There’s an old expression that says your children are like your heart, walking around outside of your body. Every time we end up in the emergency ward, that’s exactly how I feel.
This time, Spice slammed her finger in the gate, and has likely broken her finger as well as detached the nail from the nail bed. It was incredibly painful, and even with high doses of painkillers, she couldn’t stop crying.
There were a lot more serious times… Like when she had a seizure and we had to spend the night, and when she had Bell’s palsy. Oh, and wait… We can’t forget when she broke her collarbone at three years old. That was just horrible. The other two were much scarier… Because we didn’t know what was going on. But seeing your child in pain, and not being able to make it better, is a killer.
I don’t know why it is always her and never her sister. Not that I wish it on her sister! But the poor thing does seem to be way too familiar with the hospital beds and IVs.
I know quite a few of my friends have much more serious medical challenges to deal with, and I can’t imagine what it would be like to have a child go through multiple surgeries, or be in and out of emergency all the time. A couple of times a year is plenty for me.

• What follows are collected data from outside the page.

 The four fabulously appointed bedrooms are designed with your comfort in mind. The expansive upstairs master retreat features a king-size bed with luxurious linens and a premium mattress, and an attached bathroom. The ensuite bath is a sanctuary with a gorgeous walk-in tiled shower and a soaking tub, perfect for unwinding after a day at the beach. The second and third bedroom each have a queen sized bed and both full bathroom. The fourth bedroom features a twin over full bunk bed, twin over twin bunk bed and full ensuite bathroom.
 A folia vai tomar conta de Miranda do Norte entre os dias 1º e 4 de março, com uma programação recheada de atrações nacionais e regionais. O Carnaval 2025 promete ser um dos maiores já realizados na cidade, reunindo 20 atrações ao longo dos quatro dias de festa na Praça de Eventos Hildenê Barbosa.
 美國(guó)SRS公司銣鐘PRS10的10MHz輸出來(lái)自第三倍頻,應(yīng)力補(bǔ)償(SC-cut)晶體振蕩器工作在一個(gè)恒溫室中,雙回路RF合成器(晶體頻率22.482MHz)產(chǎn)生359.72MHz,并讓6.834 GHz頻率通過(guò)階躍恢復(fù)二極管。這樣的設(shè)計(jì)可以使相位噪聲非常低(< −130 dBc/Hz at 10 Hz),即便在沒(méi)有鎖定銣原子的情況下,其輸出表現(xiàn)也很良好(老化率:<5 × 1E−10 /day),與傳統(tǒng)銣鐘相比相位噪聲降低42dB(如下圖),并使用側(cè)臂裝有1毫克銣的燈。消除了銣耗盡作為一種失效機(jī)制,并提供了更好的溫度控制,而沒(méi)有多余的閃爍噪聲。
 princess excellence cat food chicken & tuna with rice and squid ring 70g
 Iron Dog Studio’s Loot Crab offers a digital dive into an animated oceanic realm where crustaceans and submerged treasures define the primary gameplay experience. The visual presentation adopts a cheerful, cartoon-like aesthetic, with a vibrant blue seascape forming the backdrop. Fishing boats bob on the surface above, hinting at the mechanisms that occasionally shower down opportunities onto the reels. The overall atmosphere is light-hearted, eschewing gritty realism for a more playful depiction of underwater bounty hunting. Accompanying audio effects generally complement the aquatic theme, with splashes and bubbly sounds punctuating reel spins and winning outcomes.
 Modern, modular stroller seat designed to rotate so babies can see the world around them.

I don’t think that you can love anyone as much as your own child. When they are hurting, it’s physically painful for you too. There is nothing in the world that you want to do more than to make them feel better, and take away their pain. Whenit’s appropriate, I can bring out the mama bear and advocate like tech form my kids. This waiting passively by, however; it’s much harder. We’ve been in the hospital four hours, and soon they will put her out, under anesthetic, so they can operate on her hand. And there isn’t anything I can do.
My heart will be getting her finger back together, and I will be cuddling my other heart in the waiting room.
Emergency. This really is one of the hardest things about being a mother.